→ LISTED RECORDS
= = = =

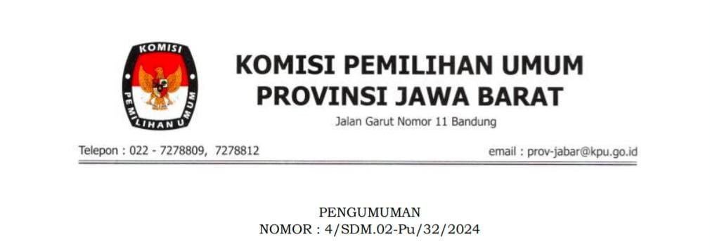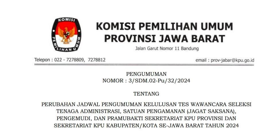 PERUBAHAN JADWAL PENGUMUMAN KELULUSAN TES WAWANCARA SELEKSI TENAGA ADMINISTRASI, SATUAN PENGAMANAN (JAGAT SAKSANA), PENGEMUDI, DAN PRAMUBAKTI SEKRETARIAT KPU PROVINSI DAN SEKRETARIAT KPU KABUPATEN/KOTA SE-JAWA BARAT TAHUN 2024. KLIK DISINI
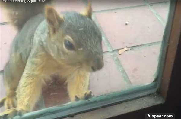 為了證明這隻小松鼠真的很有禮貌的要花生,這家人常常在Youtube上發布拍攝的小松鼠討花生,而且都是不同時間拍的,可見牠真的常常來打擾呢XD
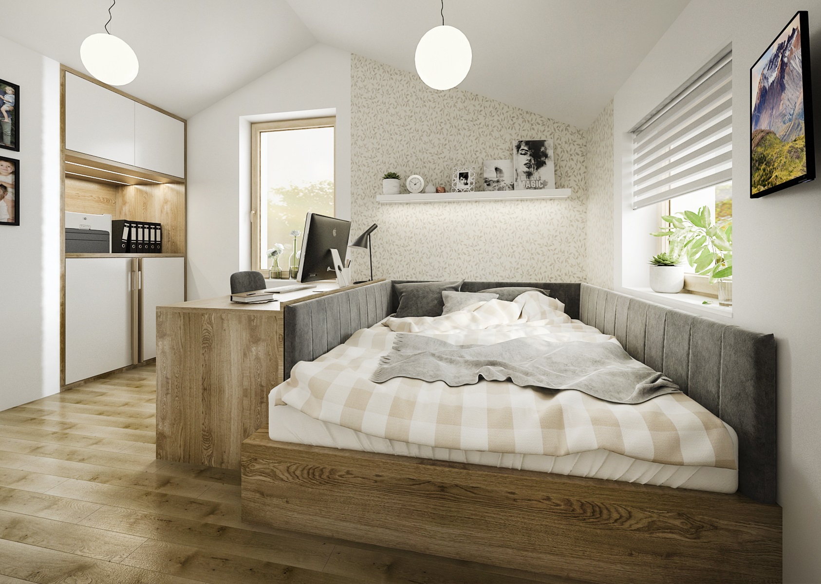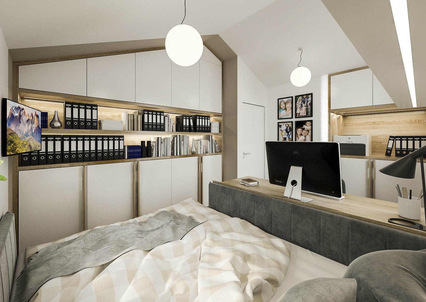 Navazující pracovna slouží současně jako pokoj pro hosty. Obě části jsou v dekoru přírodního dubu a bílé.
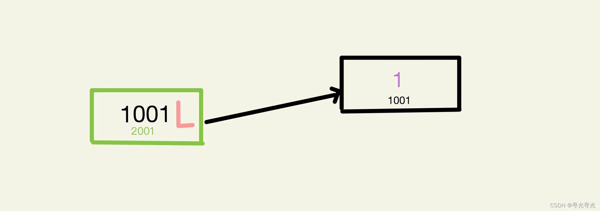 内存地址为1001存储着数值1,内存地址为1002存储着数值2.(这里内存地址只是为了方便而这样写,计算机的内存地址表示不一定这样)
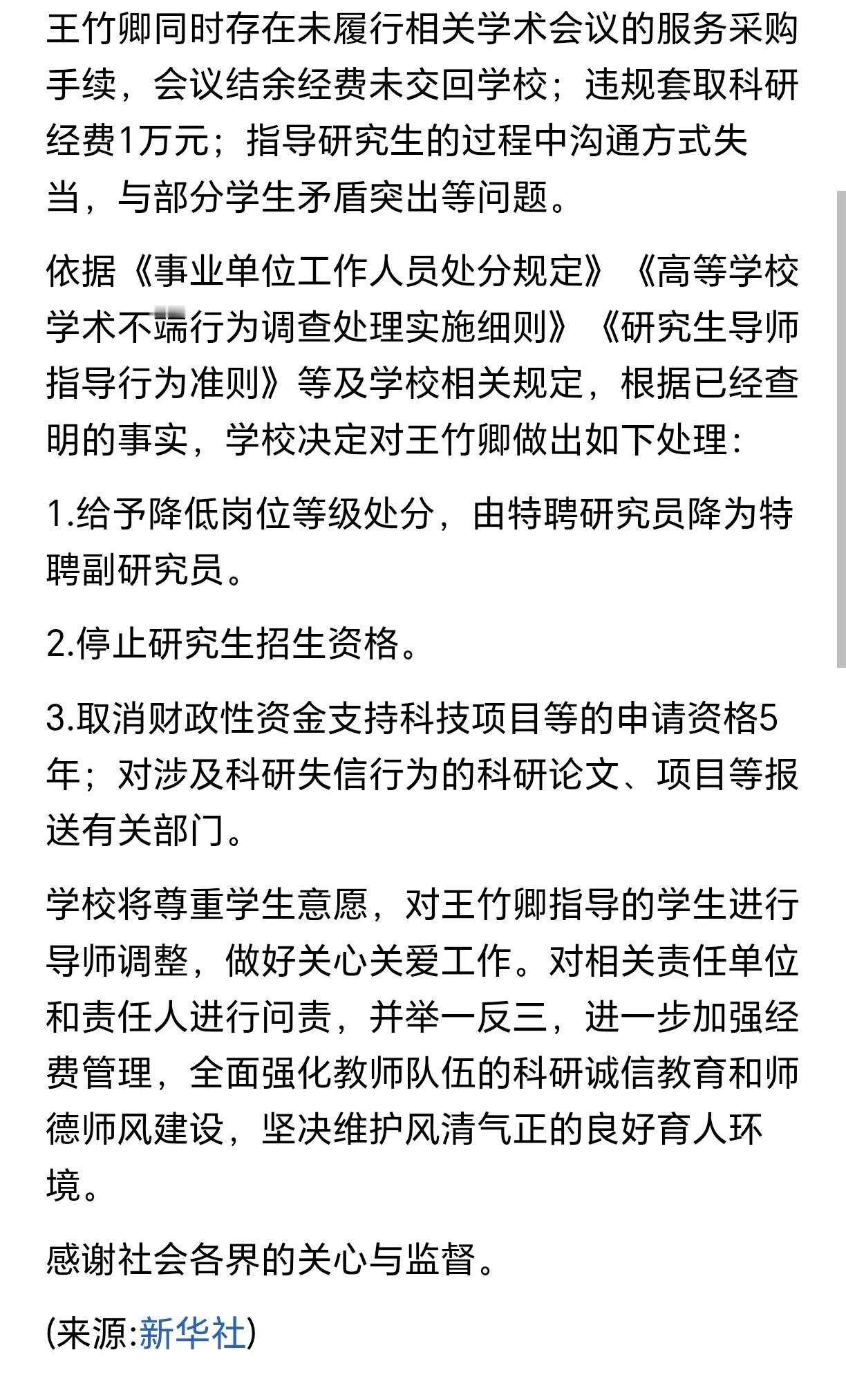 即使是这样,王竹卿也还是没有被川大开除,处罚不过是从特聘研究员降为副研究员、停止招生资格、取消资金支持而已。依然还可以继续留校任教,等风波过去后再操作也是容易的。 这说明他当初之所以那么对待手下的研究生,态度可以如此嚣张,是因为他这类人早就把规则研究透了,知道他这样做即使被学生举报了也是鱼会死、而他这样的网未必会破。 继川大张薇事件后,又以这样的方式见识到了川大在学术研究上的风采。建议举报的学生们还是尽快离开那里吧,你们已经输了。 被83页PDF举报 川大教师被处分王竹卿
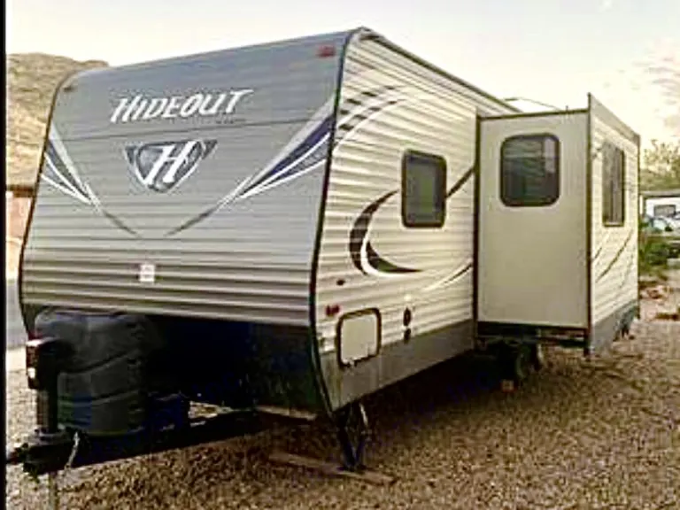 In this 2017 Keystone Hideout you will find the master bedroom conveniently located in the front of the RV with a queen sized bed, bunks in the rear have full sized beds, and there’s a table/bed in the midsection, making 8 places to sleep. There's a TV that can spin to face either the living room or the bedroom, with a mirror on the backside. You can even remove it and attach it to an outdoor attachment to watch movies outside! The dining table/sofa bed is located in the midsection where the slide out is...surrounded by comfortable cushions and storage space underneath. Major storage areas are located under the master bed and bunk area. The kitchen has a lot of counter space and features a stove with 3 oven burners. There's also an outdoor kitchen including a sink and two additional burners. Central vac system. Heating and air conditioning. Automatic Awning. Undercarriage cold weather package. What's includedFresh linens, blankets and bedspreads for the Queen bed and dinette bed. 4 Clean sleeping bags for the full size bunk beds. 8 pillows for the beds. Clean towels for the bathroom. 2 rolls of RV toilet paper included. All kitchen essentials are included (utensils, paper plates and cups, coffee mugs, pots and pans and other cooking supplies)RecommendationsSnow Canyon State Park, Sand Hollow Reservoir, Zion National Park, Bryce Canyon National Park, Canyon Lands and Lake Powell.
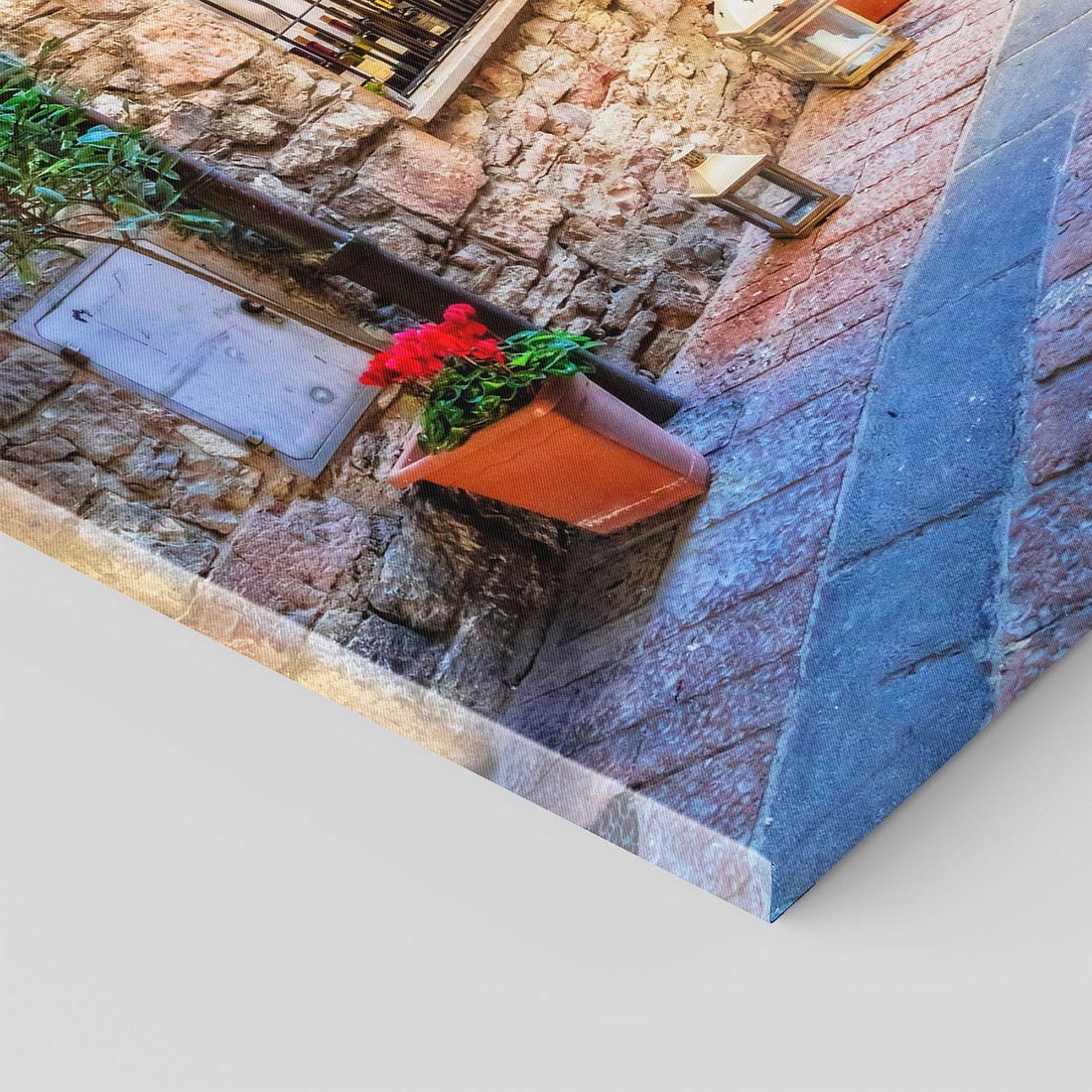 Przenieś się do urokliwego włoskiego miasta dzięki temu obrazowi przedstawiającemu malowniczą uliczkę z kaskadą kwiatów. Kolorowe fasady, kamienne uliczki i bujna roślinność tworzą niepowtarzalną atmosferę. Ten obraz dodaje włoskiego uroku i romantycznego nastroju, idealny dla miłośników podróży i piękna kwiatów.
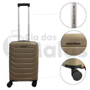 Mala Bordo de Viagem Polipropileno rodas 360 Polo King Cor: Champanhe Mala Bordo de Viagem Polipropileno PProdas 360 Polo King Executiva Produzido em material sintético ABS, destacando-se pela sua impermeabilidade, com forro em poliéster.
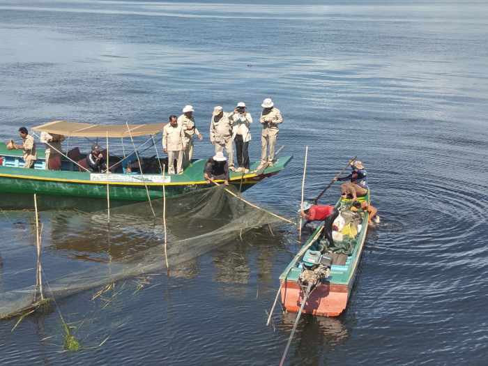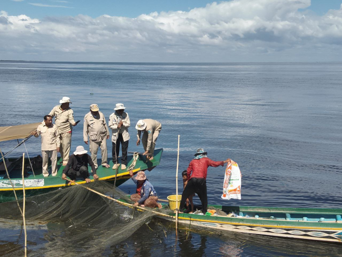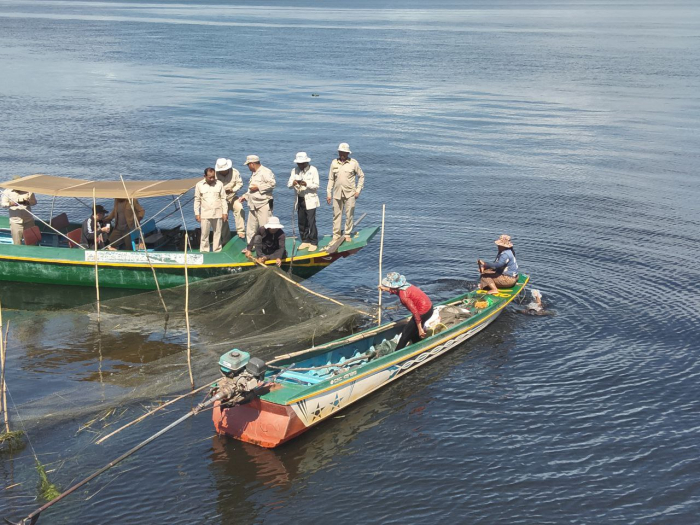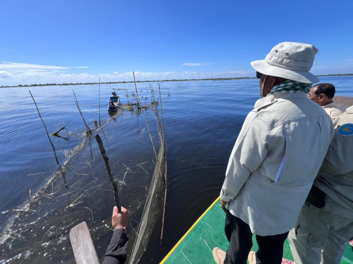 នៅថ្ងៃទី៦ ខែធ្នូ ឆ្នាំ២០២៥ ឯកឧត្តម ប៉ែន ផល្លីកា អនុរដ្ឋលេខាធិការ ក្រសួងកសិកម្ម រុក្ខាប្រមាញ់ និងនេសាទ តំណាងដ៏ខ្ពង់ខ្ពស់ ឯកឧត្តម ឌិត ទីណា រដ្ឋមន្ត្រីក្រសួងកសិកម្ម រុក្ខាប្រមាញ់ និងនេសាទ អមដំណើរដោយ លោក មិត្រ សុខសុភ័ក្រ្ត នាយអធិការដ្ឋានរដ្ឋបាលជលផលខាងត្បូងបឹងទន្លេសាប លោក សោម សុវណ្ណ នាយរងអធិការដ្ឋានរដ្ឋបាលជលផលខាងជើងបឹងទន្លេសាប លោក ស៊ាន សំអុល នាយរងផ្នែករដ្ឋបាលជលផលព្រែកទាល់ និងសហការី ដោយមានកម្លាំងសរុបចំនួន ១៣នាក់ និងប្រើមធ្យោបាយកាណូតចំនួន ៣គ្រឿង បានចេញប្រត្តិបត្តិការណ៍ត្រួតពិនិត្យ ទប់ស្កាត់ និងបង្រ្កាបបទល្មើសនៅចំណុចព្រែកទាល់ ពាក់កន្ទេល ព្រែកត្រសក់ ក្បាលតោល ស្ថិតក្នុងភូមិសាស្រ្តភូមិក្បាលតោល ឃុំកោះជីវាំង ស្រុកឯកភ្នំ ខេត្តបាត់ដំបង។
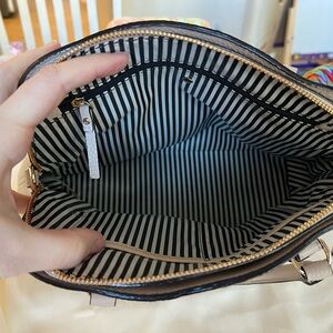 Chic Kate Spade satchel in creamy off white. Features elegant handles and a structured design.
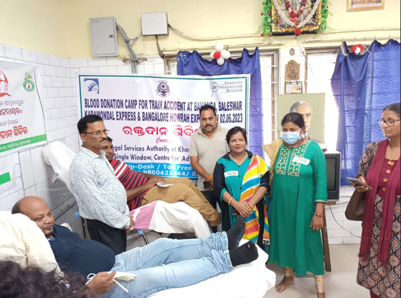 ଭୁବନେଶ୍ୱର: କରମଣ୍ଡଳ ଏକ୍ସପ୍ରେସ୍ ଓ ବାଙ୍ଗାଲୁରୁ-ହାଓ୍ୱାଡ଼ା ଏକ୍ସପ୍ରେସ୍ ଦୁର୍ଘଟଣାରେ ମୃତାହତ ଏବଂ ଅତି ଗୁରୁତର ଆହତ ହୋଇଥିବା ଜନସାଧାରଣ ଓ ତାଙ୍କର ଆତ୍ମୀୟସ୍ୱଜନ ପରିବାରଙ୍କ ପାଇଁ ଜିଲ୍ଲା ଆଇନସେବା ପ୍ରାଧିକରଣଙ୍କ ସଚିବ ସୌଦାମିନୀ ସିଂଙ୍କ ନିର୍ଦ୍ଦେଶରେ ସ୍ଥାନୀୟ ସି.ଏଫ୍.ଆର୍ ସେ୍ୱଚ୍ଛାସେବୀ ସଂଗଠନଙ୍କ ସହାୟତାରେ ଜନସାଧାରଣଙ୍କୁ ୨୪ ଘଣ୍ଟା ସହାୟତା ପ୍ରଦାନ କରିବା ପାଇଁ ଏକ ସହାୟତା ପ୍ରକୋଷ୍ଠ କ୍ୟାପିଟାଲ୍ ହସ୍ପିଟାଲ୍, ଭୁବନେଶ୍ୱରଠାରେ ଉଦ୍ଘାଟିତ ହେବା ସହ ଉକ୍ତ ରେଳ ଦୁର୍ଘଟଣାରେ ଗୁରୁତର ଆହତ ବ୍ୟକ୍ତିଙ୍କୁ ମାଗଣାରେ ରକ୍ତ ପ୍ରଦାନ ପାଇଁ ପ୍ରାଧିକରଣଙ୍କ ପକ୍ଷରୁ ଏକ ରକ୍ତଦାନ ଶିବିର ଅନୁଷ୍ଠିତ କରାଯାଇ ପ୍ରଶାସନକୁ ପ୍ରଦାନ କରାଯାଇଥିଲାା
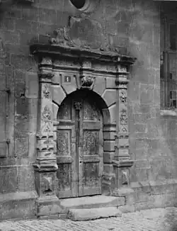 Der Hafenausbau mit Radkran im Jahre 1515 brachte einen weiteren wirtschaftlichen Aufschwung, der den Bau des ersten Renaissanceturms nördlich der Alpen und des Rathauses mit Kunstuhr ermöglichte. So schuf 1513 Hans Schweiner den Turm der Kilianskirche.[18] Die Architektur der Renaissance setzte sich in der Gestaltung des Rathauses in den Jahren 1579 bis 1583 durch Hans Kurz und Isaak Habrecht fort. Hans Kurz war einer der wichtigsten Baumeister der Renaissance in Heilbronn.[19] Er baute auch das Imlin’sche Haus. In den Jahren 1598 bis 1600 wurde im Auftrag des Rats das Fleischhaus nach den Plänen von Hans Stefan errichtet, wobei Jakob Müller als Bildhauer bei der Gestaltung der Figuren tätig war.[19] Die wichtigsten Beispiele für die Renaissance in Heilbronn sind der Kirchturm der Kilianskirche, das Alte Rathaus, das Cäcilienbrunnenhaus und das Fleischhaus.[20] Verloren gegangen ist die Dreifaltigkeitskirche, die ehemalige Katharinenspitalkirche, die 1483 aus einer älteren Kapelle hervorgegangen war, während der Reformation evangelisch wurde und nach einem Brand im Jahr 1624 mit einem aufwändigen Volutengiebel und Portal im Renaissancestil wiederaufgebaut wurde.
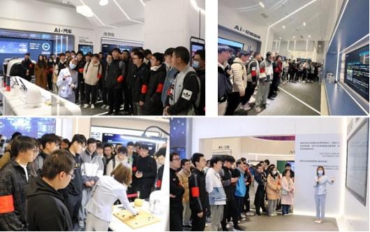 最后,在工作人员带领下,师生们参观了科大讯飞的人工智能体验馆。体验馆内展示的讯飞开发平台、AI+听见、C端产品、智能家居、科大讯飞多语种研究院研发成果,以及人工智能在教育、医疗、工业和智慧城市等多场景的最新技术应用,全方位展现了AI智慧生活新变化。
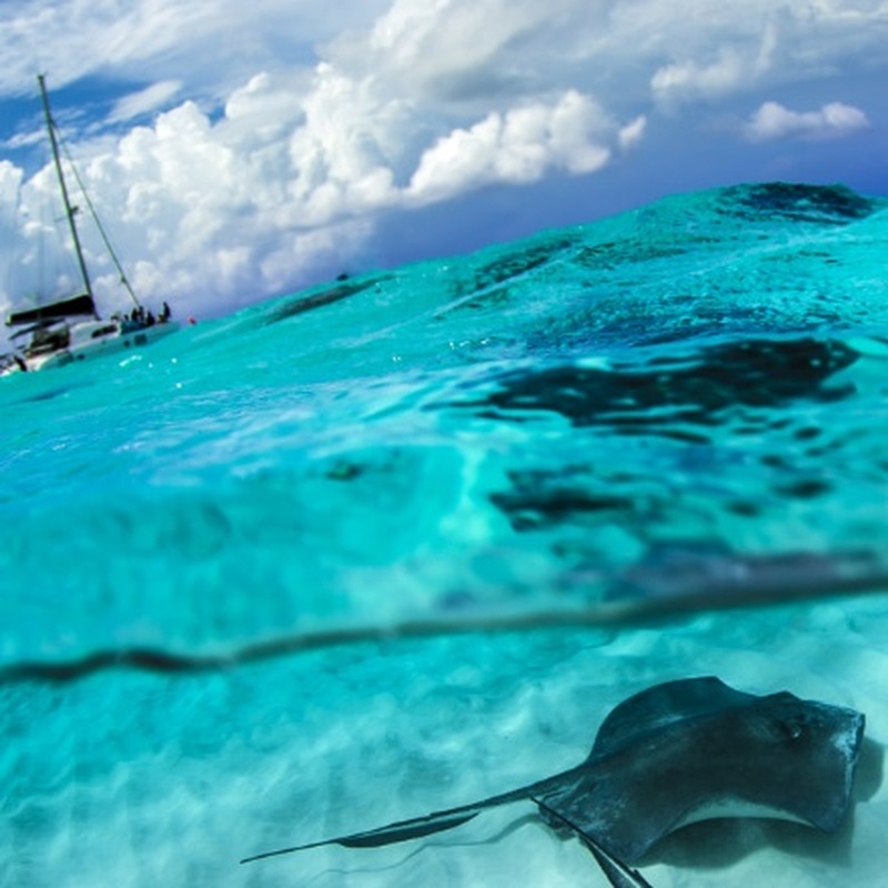 透明度の高い海でフレンドリーなスティングレーとふれあったり、エサをあげたりできます。
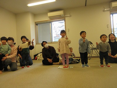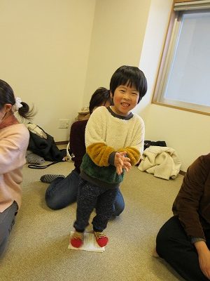 保育士とのじゃんけんを楽しんだり、小さくなった新聞紙の上で色んなポーズをしながらバランスを取ったり…
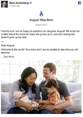 扎克伯格,这位世界上最有价值和最有影响力公司之一的负责人,在他诸多刷屏的新闻中——和华裔普莉希拉的爱情、几十件一模一样的灰色T恤、给女儿Max的一封信、捐出脸书99%的股份建立慈善基金等等,最让我感兴趣的是他又将休两个月产假陪伴二女儿August(中文网友亲切地称之为小八月)。

= = = =

→ WHAT THIS TASK INVOLVES
Only exact lines belong in the answer: those from the beginning of the entries above through the line holding "為了證明這隻小松鼠真的很有禮", with no pictures.

→ TASK RESPONSE
 PERUBAHAN JADWAL PENGUMUMAN KELULUSAN TES WAWANCARA SELEKSI TENAGA ADMINISTRASI, SATUAN PENGAMANAN (JAGAT SAKSANA), PENGEMUDI, DAN PRAMUBAKTI SEKRETARIAT KPU PROVINSI DAN SEKRETARIAT KPU KABUPATEN/KOTA SE-JAWA BARAT TAHUN 2024. KLIK DISINI
 為了證明這隻小松鼠真的很有禮貌的要花生,這家人常常在Youtube上發布拍攝的小松鼠討花生,而且都是不同時間拍的,可見牠真的常常來打擾呢XD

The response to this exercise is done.